Next part.
As you know, we have some newer code, posted here
https://github.com/realizator/stereopi-fisheye-robot
Please notice, that for this experimrnt I've used new
Buster OpenCV image. You can find this link in GitHub repo too.
I can suggest, that having V2 cameras you think, that this "fisheye" code is not your case. Actually this code works for the "classic FOV" cameras too, AND support fisheye cameras.
As I mentioned in related
article, this code has some important updates, like "all code inside" instead of using external calibration libraries. Also we used some tricks to increase calibration quality.
So I decided to suggest your images as an input for this code.
One notice. For improving chessboard detection quality we use a trick. For finding chessboard corners we use images with twice bigger resolution, and after that we decrease both X and Y coordinates of every corner twice, and use that data. So 4th script in this repo actually uses images with bigger resolution (taken in script 2_chess_cycle.py).
But your set has lower resolution, so to make your images set "compatible" I've commented this tricky code. I mean rows from 124 and up to 131.
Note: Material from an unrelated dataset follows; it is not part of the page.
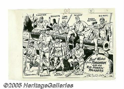 <B>Bob Brown - Tomahawk Unpublished Pin-Up Illustration Original Art (DC, circa 1967).</B></I> Long-time Tomahawk artist Bob Brown drew this panoramic group portrait of Tomahawk and his Rangers posing with their big gun. The splash was written off and never used, most likely because the <B>Tomahawk</B></I> title changed directions in 1968 when Robert Kanigher came on board as the head writer. The image area of the art is 14.25" x 10.25", and the art is in Excellent condition.
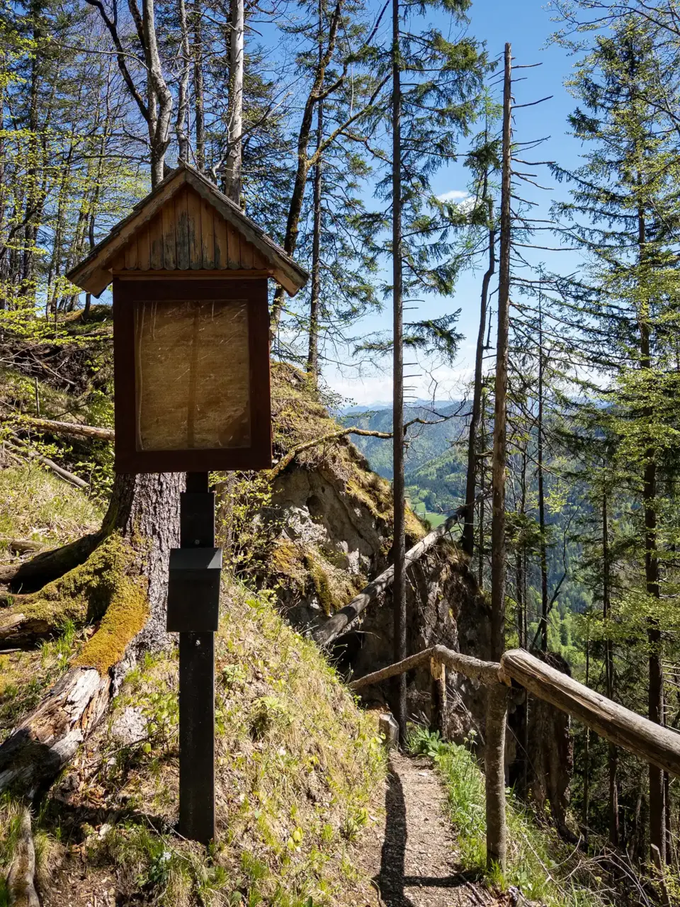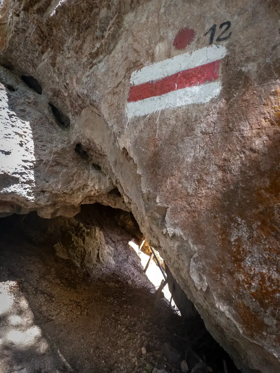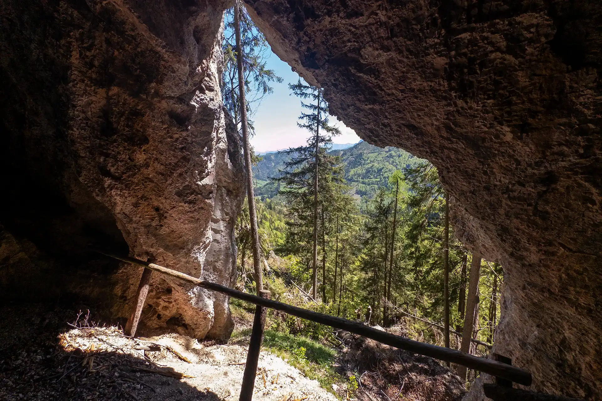 Man muss keine Sagen glauben, um diesen Namen zu verstehen. Die Atmosphäre dort zwingt förmlich zum Innehalten. Ich setze mich auf die Rastbank, lasse den Ort auf mich wirken, esse mein Brot und blicke gedankenverloren in die dunkle Öffnung des Felsens. Dann steige ich ab in Richtung Spitzenbachklamm.

Here is a screenshot before commenting:
And screenshot after:
Also original version of this script use file name "scene_1280x480_1.png" in a row 58 to show you final result. I changed it to "scene_640x240_1.png"
And here is the result of fisheye-enabled calibration:
Full resolution image:
http://stereopi.com/sites/default/files ... _scrot.png
First line with the 2 images shows last two chessboard detections.
Second line with 2 images (Left_UNDISTORTED and Right_UNDISTORTED) shows you images after removing fisheye
distortion. It's fun, but actually even V2 cameras has a small fisheye
distortion
And the last line with 2 images (Left STEREO CALIBRATED and Right STEREO CALIBRATED) shows you two images, rectified as a stereopair.
Brief conclusion: you may use our newest fisheye code to work with your non-fisheye cameras!